In settings where chloroquine remains effective, ACTs are as effective as chloroquine at preventing recurrent parasitaemias before day 28 (RR 0.58, 95% CI 0.18 to 1.90, five trials, 1622 participants, high quality evidence). In four of these trials, recurrent parasitaemias before day 28 were very low following treatment with both chloroquine and ACTs. The fifth trial, from Thailand in 2011, found increased recurrent parasitaemias following treatment with chloroquine (9%), while they remained low following ACT (2%) (RR 0.25, 95% CI 0.09 to 0.66, one trial, 437 participants).

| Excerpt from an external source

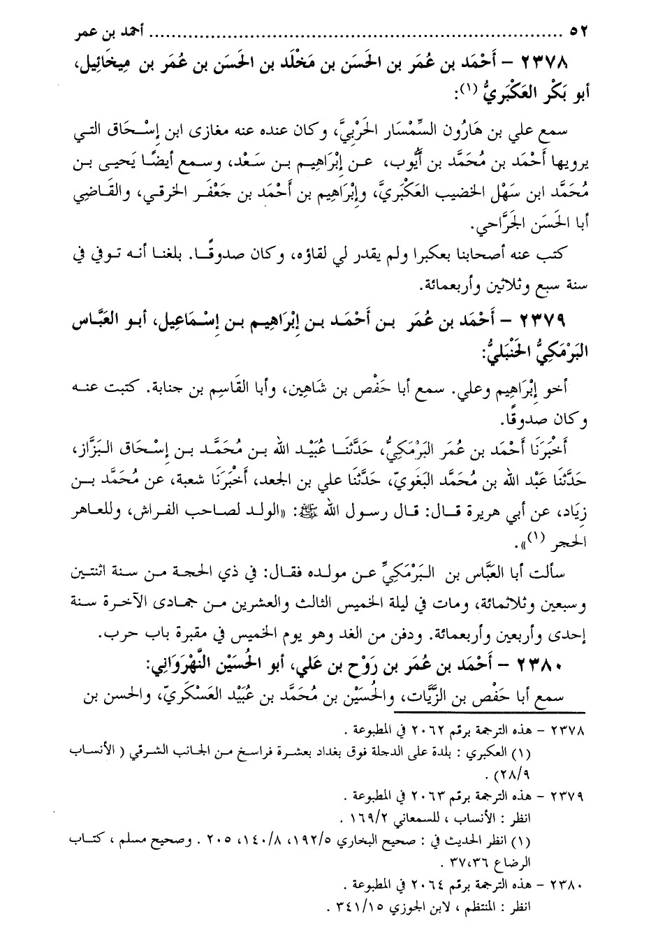 2378-[1] أَحْمَد بْن عُمَر بْن الْحَسَن بْن مَخْلَد بْن الْحَسَن بْن عُمَر بْن ميخائيل، أَبُو بَكْر العكبري [2] :

ACT combinations with long half-lives probably also provide a longer prophylactic effect after treatment, with significantly fewer recurrent parasitaemias between day 28 and day 42 or day 63 (RR 0.57, 95% CI 0.40 to 0.82, three trials, 1066 participants, moderate quality evidence). One trial, from Cambodia, Thailand, India and Indonesia, gave additional primaquine to both treatment groups to reduce the risk of spontaneous relapses. Recurrent parasitaemias after day 28 were lower than seen in the trials that did not give primaquine, but the ACT still appeared to have an advantage (RR 0.27, 95% CI 0.08 to 0.94, one trial, 376 participants, low quality evidence).

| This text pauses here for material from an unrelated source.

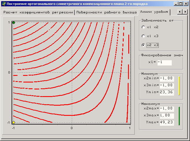 Построить двумерные сечения поверхности отклика, соответствующие пересечению поверхности с плоскостями Xi=Ximax. Для этого в уравнение регрессии необходимо подставить значение этого фактора, и по полученным двухфакторным уравнениям рассчитать, а потом построить изолинии поверхности отклика (кривые равного выхода).

ACTs versus alternative ACTs
In high transmission settings, dihydroartemisinin-piperaquine is probably superior to artemether-lumefantrine, artesunate plus sulphadoxine-pyrimethamine and artesunate plus amodiaquine at preventing recurrent parasitaemias before day 28 (RR 0.20, 95% CI 0.08 to 0.49, three trials, 334 participants, moderate quality evidence).

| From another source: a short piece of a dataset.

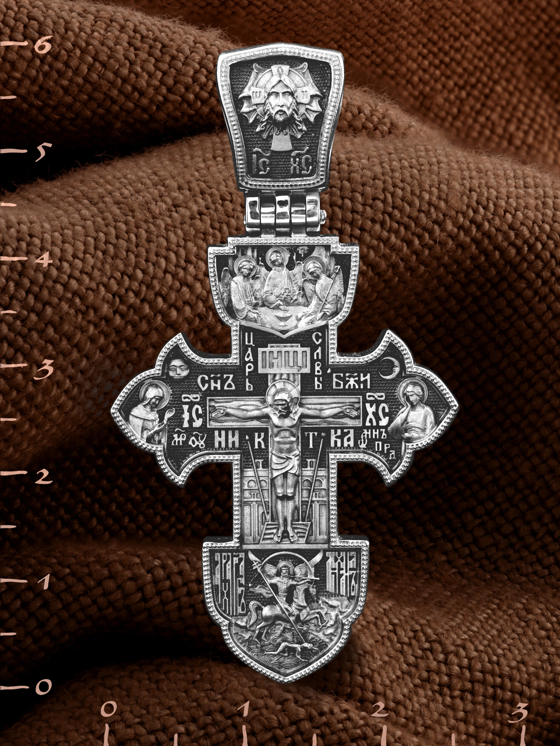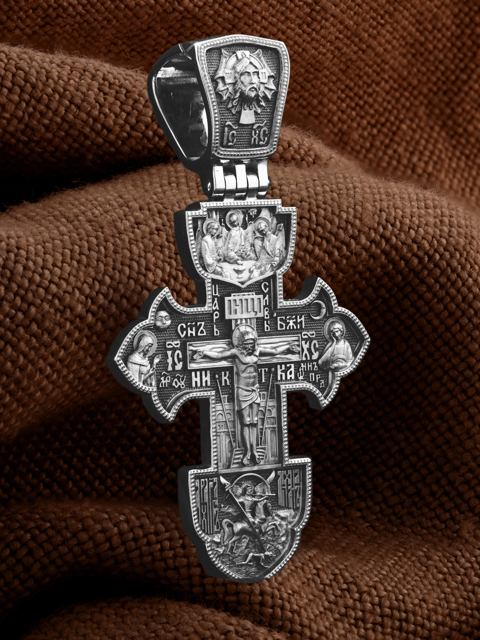 На лицевой стороне креста изображено Распятие Господа и Спасителя нашего Иисуса Христа. Крест- символ спасения и искупления рода человеческого, знамение победы над смертью и адом. Иисус Христос, как искупительная жертва освобождения человечества от власти греха, умер крестной смертью и в третий день воскрес. На верхней табличке, выше головы Иисуса, расположена надпись, составленная Понтием Пилатом — «IНЦI». Она означает «Иисус Назорей, Царь Иудейский». Распятие сопровождается каноническими надписями. Над Распятием находится надпись «Царь Славы». Надпись «IС» « ХС» означает Иисус Христос и помещается на разных сторонах поперечной (большой) перекладины креста. Рядом расположены надпись «Сын Божий» и слово «НИКА», что означает «победитель». Слева от Распятия изображена Пресвятая Богородица, справа — апостол и евангелист Иоанн Богослов, один из ближайших учеников Иисуса Христа. За Распятием высится Иерусалимская стена, в знак того, что Господь был распят вне стен города. Вдоль креста изображены копие сотника Лонгина и трость с губкой и буквы «К» и «Т». Рядом — слово «НИКА», что означает «победитель». Над распятием помещено изображение иконы Святой Троицы в виде трех ангелов. Ниже распятия изображен Архангел Михаил, восседающим на огненном крылатом коне. От уст архангела исходит труба, возвещающая наступление Второго пришествия и Страшного суда, а над его распростертыми крыльями изображена радуга. Копьем с крестом он пронзает поверженного сатану. На кулонном кольце изображен Нерукотворный образ Господа и Спасителя нашего Иисуса Христа, чудесно отпечатавшийся на плате, котором Христос вытер свой лик.

Dihydroartemisinin-piperaquine may also have an improved post-treatment prophylactic effect lasting for up to six weeks, and this effect may be present even when primaquine is also given to achieve radical cure (RR 0.21, 95% CI 0.10 to 0.46, two trials, 179 participants, low quality evidence).
The data available from low transmission settings is too limited to reliably assess the relative effectiveness of ACTs.
Authors' conclusions
ACTs appear at least equivalent to chloroquine at effectively treating the blood stage of P. vivax infection. Even in areas where chloroquine remains effective, this finding may allow for simplified protocols for treating all forms of malaria with ACTs. In areas where chloroquine no longer cures the infection, ACTs offer an effective alternative.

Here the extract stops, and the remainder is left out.